Co-chair 2009 Women’s Campaign School

adriane_carrAdriane Carr is one of Canada’s most successful and best known Green politicians. In 1983 she co-founded the Green Party of British Columbia, North America’s first Green Party. Elected as its leader from 2000 to 2006, she became the first Green leader in North America to be included in televised leaders’ debates. Her performance in the 2001 debates helped the Greens garner an unprecedented 12.4% of the province-wide popular vote. In that election, Carr won 27% of the vote in a three-way race in her own riding—the highest ever achieved by a Green candidate in BC’s history.

Carr has dedicated her life to working for a healthy, sustainable and just society. Born in 1952 in Vancouver and raised in BC’s Kootenays and Lower Mainland, Carr gained a love of nature camping, hiking and fishing with her family. She was greatly influenced as a young teen by travelling the world with a BC youth choir, visiting countries in Asia, the mid-East and Europe. The trip opened her eyes to disparity, poverty and environmental degradation, the likes of which she had not seen in Canada.

Carr graduated as a top student from Burnaby North high school and earned a Master’s degree in urban geography from UBC. She taught for 12 years (1977-1989) at Vancouver Community College (Langara), including courses in Economic Development. She developed and ran the first geography field school offered at a BC college. During her time as chair of Langara’s Department of Interdisciplinary Studies she reinstated the Womens’ Studies Program and helped launch BC’s first college-based environmental studies program. As an elected Langara Faculty Association board member she helped create a solution to provincial budget cuts that prevented lay-offs and cuts to classes.

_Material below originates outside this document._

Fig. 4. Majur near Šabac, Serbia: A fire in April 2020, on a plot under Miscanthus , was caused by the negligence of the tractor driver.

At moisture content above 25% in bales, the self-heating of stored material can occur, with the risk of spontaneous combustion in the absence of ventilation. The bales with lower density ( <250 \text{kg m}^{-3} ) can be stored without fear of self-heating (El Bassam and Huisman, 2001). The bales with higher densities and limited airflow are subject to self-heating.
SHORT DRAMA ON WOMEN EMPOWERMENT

In 1989 Carr left her teaching position at Langara to work full time for Western Canada Wilderness Committee, a group founded in 1980 by her husband Paul George, that for years operated out of their home. Carr and George worked 70-hour weeks to help grow the society into one of Canada’s largest membership-based environment groups, with a multi-million-dollar budget and over 100,000 supporters across Canada. They worked closely with First Nations and smaller local environment groups to win protection for dozens of wilderness areas including Gwaii Haanas (South Moresby), the Stein and Carmanah Valley.

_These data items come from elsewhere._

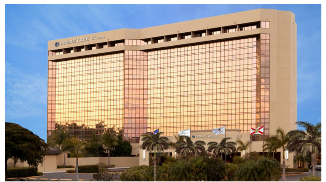
How to reserve your room: Participants are responsible for making own accommodation arrangement. Please make your reservations now.

Participants are responsible for making own accommodation arrangement. Please make your reservations now. Be sure to request our special negotiated rate is $189 per night of the program, plus applicable taxes and local fees.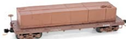
30' Flat Car Rio Grande Southern w/ Load • Rd# 7455 Item# 855 00 050...$35.30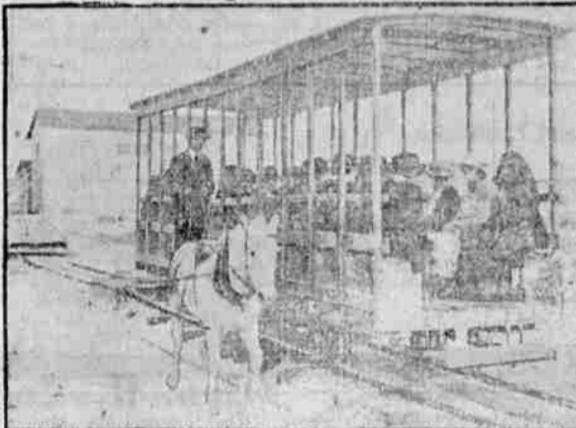
There are no short circuits on this line, except when it's time for Dohlan to put on the feed bag. This "rapid transit" is at St. Augustine, Fla. You can stand on the track and jump right to the front door when the car comes along.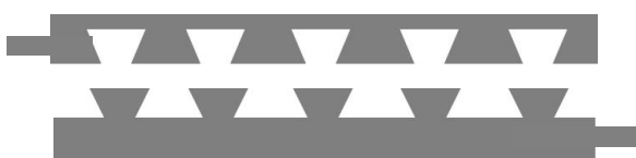
Fig.3 Structure diagram of dovetail type drain plate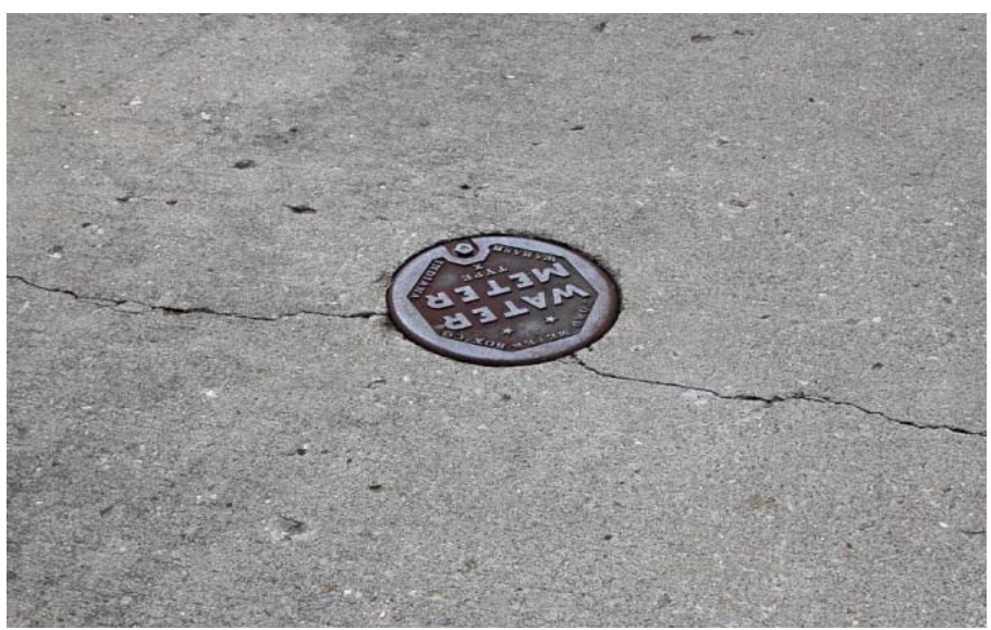
Figure <sup>Y</sup> Shrinkage crack at slab penetration

A rounded object in the middle of a slab creates the same problem as a re-entrant corner. This is commonly evidenced around slab penetrations such as pipes, plumbing fixtures, drains, and manhole castings. The concrete cannot shrink smaller than the object it is poured around, and this causes enough stress to crack the concrete. (See Figure \gamma ).

As a member of the Wilderness Committee’s executive team, Carr took on responsibility for staff management, strategic planning and fundraising. She also co-authored and edited over 120 of the Wilderness Committee’s educational newspapers, calendars and other publications. The Wilderness Committee’s work was recognized by both the Canadian and British Columbian governments with “Outstanding Group of the Year” awards.

Carr campaigned not just on local but on global issues as well. In 1990 she co-founded the Wilderness Committee’s international WILD campaign, launching it at a conference she co-organized with a Hawaiian indigenous group that brought together scientists and activists working to protect wilderness in 26 different countries. During the 1990s Carr sat on Canada’s Biodiversity Convention Implementation Committee and CIDA’s Environment and Development Support Programme advisory board. She worked with individuals such as David Suzuki, Wade Davis and Robert Kennedy Jr. on efforts to stop mega-dam projects in the Amazon, save a homeland for the indigenous Penan people in Malaysia, and protect Clayoquot Sound.

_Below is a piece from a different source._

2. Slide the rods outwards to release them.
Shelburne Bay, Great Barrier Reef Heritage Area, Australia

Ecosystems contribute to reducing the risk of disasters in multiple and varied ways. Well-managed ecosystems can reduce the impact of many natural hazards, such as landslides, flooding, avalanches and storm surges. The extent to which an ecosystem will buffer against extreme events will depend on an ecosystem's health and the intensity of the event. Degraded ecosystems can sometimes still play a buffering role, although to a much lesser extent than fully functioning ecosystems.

It was the Clayoquot Sound campaign that established Carr as a leader in Canada’s environment movement. Asked by First Nations to work with them to bring adversaries together in a common vision for Clayoquot, she played a central role in helping establish a truce in the “war in the woods”. Carr made dozens of trips to Ottawa to successfully garner federal government support for the designation of Clayoquot Sound as a UNESCO Biosphere Reserve. In the fall of 2000, upon being elected the leader of the BC Green Party, Carr left her work at the Wilderness Committee to re-enter politics.

From 2000 to 2006, Carr led the BC Green Party through two elections and to its best ever results. In between elections she regularly toured BC and championed solutions to a wide range of public policy issues: the crises in public health care and education, the pine beetle epidemic, threats to small-scale agriculture and wild salmon, global warming. In 2002 she launched a citizen’s Initiative Petition for proportional representation, gathering 98,165 signatures in 90 days with the help of 4,002 canvassers in the effort to reform BC’s voting system. In 2003 she was the only high profile politician to raise concerns about the costs associated with hosting the 2010 Olympics. In 2004 she was the first major politician to question the wisdom of the multi-billion-dollar Gateway Program of new highways and bridges in Metro Vancouver. On every issue, Carr always presented feasible alternative solutions. She is credited with helping establish the Green Party as a mainstream force in BC politics.